Blog Post on the STSM “Building Language Corpora for Albanian”, by Dr. Manjola Zaçellari at Friedrich-Alexander-Universität, Erlangen-Nürnberg, Germany
In today’s world, where language plays a vital role in communication and understanding, the need for comprehensive language resources is more important than ever. However, for low-resource languages like Albanian, building language corpora can be a challenging task. In this blog post, I will share my experience during my short scientific mission (STSM) at Friedrich-Alexander-Universität Erlangen-Nürnberg in Germany (02-06 October, 2023), where together with the host Dr. Besim Kabashi we worked on building language corpora for Albanian for research and educational purposes.
The aim was to investigate and analyze syntactic annotations from an existing Albanian framework and to consider ways how to enrich and/or enhance them for both research and educational purposes. Our work focused on the Albanian treebank in the Universal Dependencies.

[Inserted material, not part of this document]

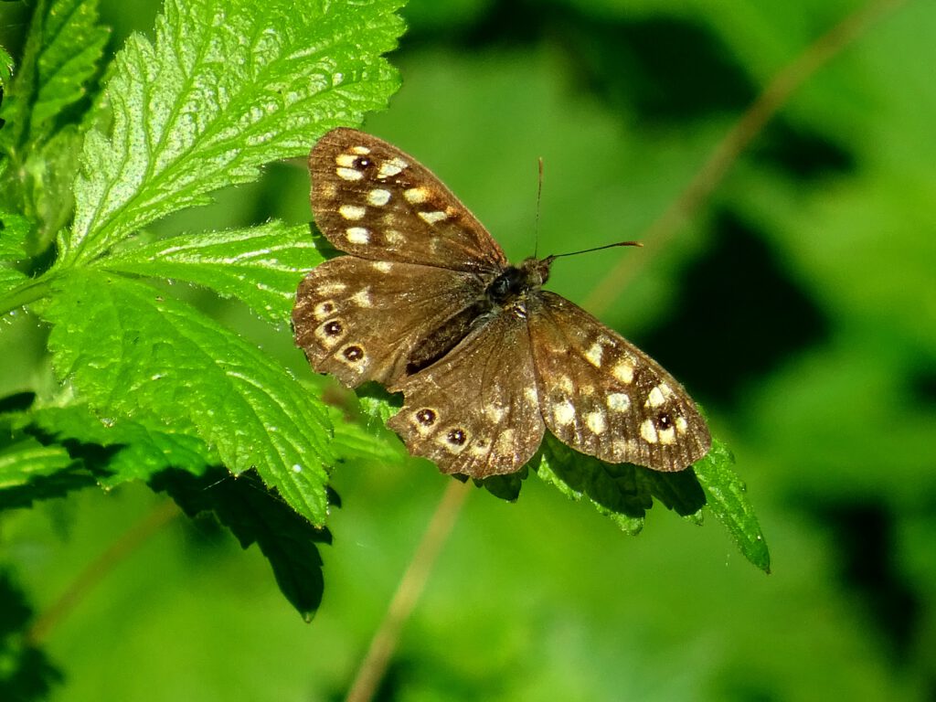 Verderop in het bos zijn mensen bezig met zaklampen en/of mobieltjes. Na mijn bezoek aan Boompje en B8 loop ik naar de groep mensen (jongelui) toe en vraag hen wat ze in het bos doen. Ze zijn (twee jongens en twee meisjes van rond de 20 jaar) aan het chillen. Ze drinken een drankje en lachen met elkaar. We hebben een leuk gesprek en zij vragen zich af wat ik in m’n eentje in het bos doe. Ik vertel hen dat ik graag een rondje bos maak in het donker en dat ik dat al jaren doe. Ze beloven de lege blikjes mee te nemen en we wensen elkaar een fijne avond. Mijn weg gaat een stukje terug en ik loop het brede pad van de populieren op. Een pad dat ik niet vaak heb genomen het afgelopen jaar. Ze zijn nog steeds bezig met de dijkverzwaring en veel is afgesloten, zo ook de weg naar de dijk. Dus na het populierenpad ga ik dwalend door het bos en kom in veel donkerder bos terecht 🙂 Ik kan nu alleen nog het mountainbikepad voor me zien liggen, dat is kaal en lichter dan het omringende gras. Dit is toch wel echt donker 🙂 Jammer dat hier geen bankje staat. Dit pad loop ik overdag graag omdat de bramen hier groeien en de libellen daar jagen! Prachtige plaatjes kan ik hier schieten. Het is zó anders in het donker. Als ik het donker uit ben en op het grindpad kom waar de herinneringsbomen staan, zie ik in de verte lichtjes branden bij de bomen. Zo mooi die zonne-energie lampjes! Bij de boom van mijn jammerlijk te vroeg overleden neefje hangt een tak met een lichtgevende volle maan in zich. Wat een prachtig gezicht is dit! De bloemen bij zijn boom kijk ik regelmatig na op uitgebloeide bloemen. In zijn leven kende ik hem niet, hij was afgedwaald van de familie. Of wij zijn dat… ook een optie. Regelmatig zie ik jongelui bij zijn boom, hij was fervent PEC Zwolle-aanhanger 🙂 en ze weten ‘hem’ te vinden!

During my stay at the Friedrich-Alexander-Universität Erlangen-Nürnberg, my primary focus was to refine the existing UD treebanks for Albanian (https://universaldependencies.org/treebanks/sq_tsa/index.html; https://universaldependencies.org/treebanks/aln_gps/index.html).

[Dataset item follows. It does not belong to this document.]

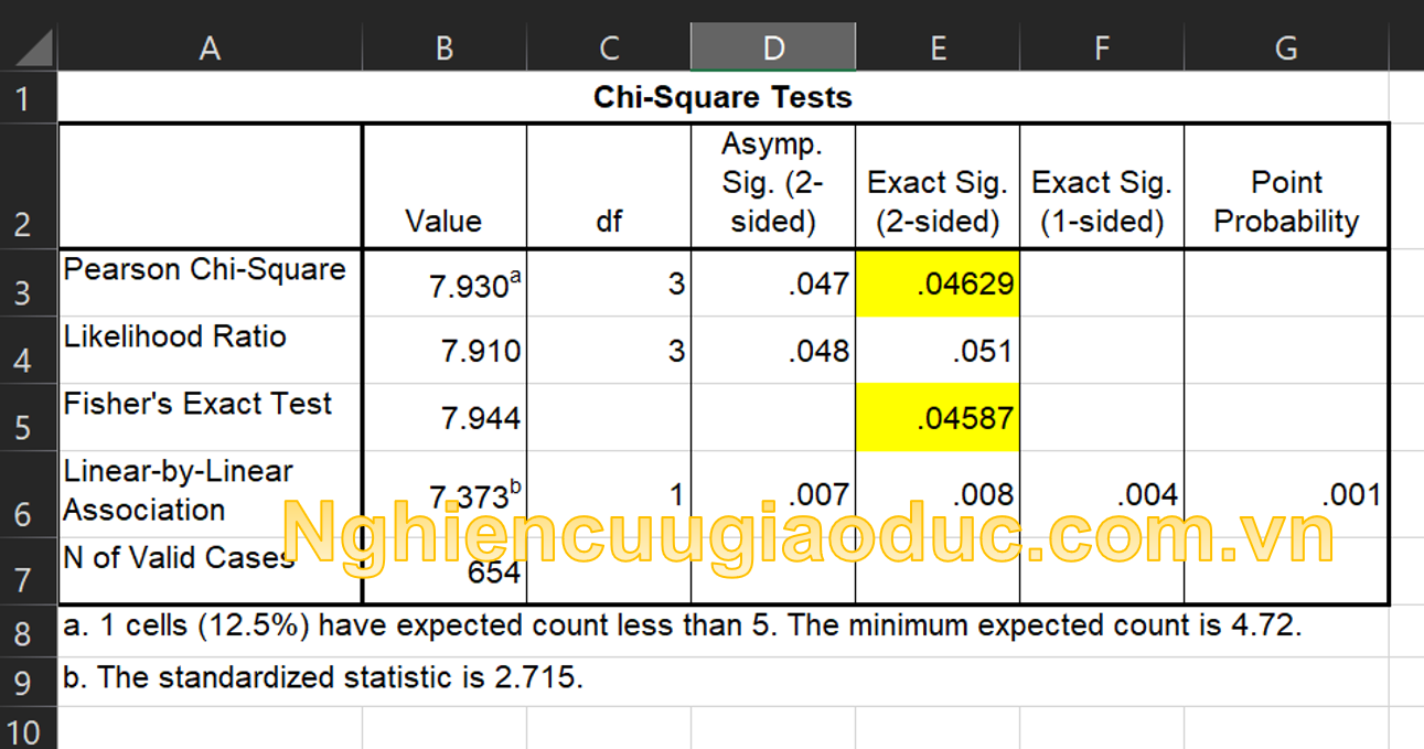 – Mức ý nghĩa Sig. (2-sided) ở hai phương pháp (χ2 và Fisher Exact) là không có sự chênh lệch trong SPSS (p=.46) do giới hạn làm tròn 2 số thập phân và cỡ mẫu lớn. Tuy nhiên, khi copy dữ liệu sang Excel và mở rộng số thập phân chúng ta thấy rõ mức ý nghĩa của kiểm định Fisher Exact (p=.4587) là thấp hơn so với mức ý nghĩa của χ2 (p=.4629).

These treebanks serve as valuable resources for linguistic analysis and natural language processing tasks. By adding new features, specifically syntactic relations, we aimed to enhance the quality and accuracy of the treebanks.
In addition to refining the existing treebanks, we recognized the need to expand the corpus size for Albanian. A larger corpus allows for more comprehensive analysis and provides researchers and educators with a broader range of data to work with.
Throughout my short scientific mission, I had the privilege of collaborating with an expert in the field of linguistics and natural language processing such as Dr. Besim Kabashi. This collaborative effort not only enriched my understanding of the subject but also paved the way for future research and development in the field of Albanian language resources. Moving forward, we aim to continue refining the existing treebanks, by also exploring new avenues for data collection and annotation. Moreover, this STSM has served me as a starting point for my ongoing collaborating with Dr. Kabashi to working for a new, more precise and larger UD treebank for the Albanian language.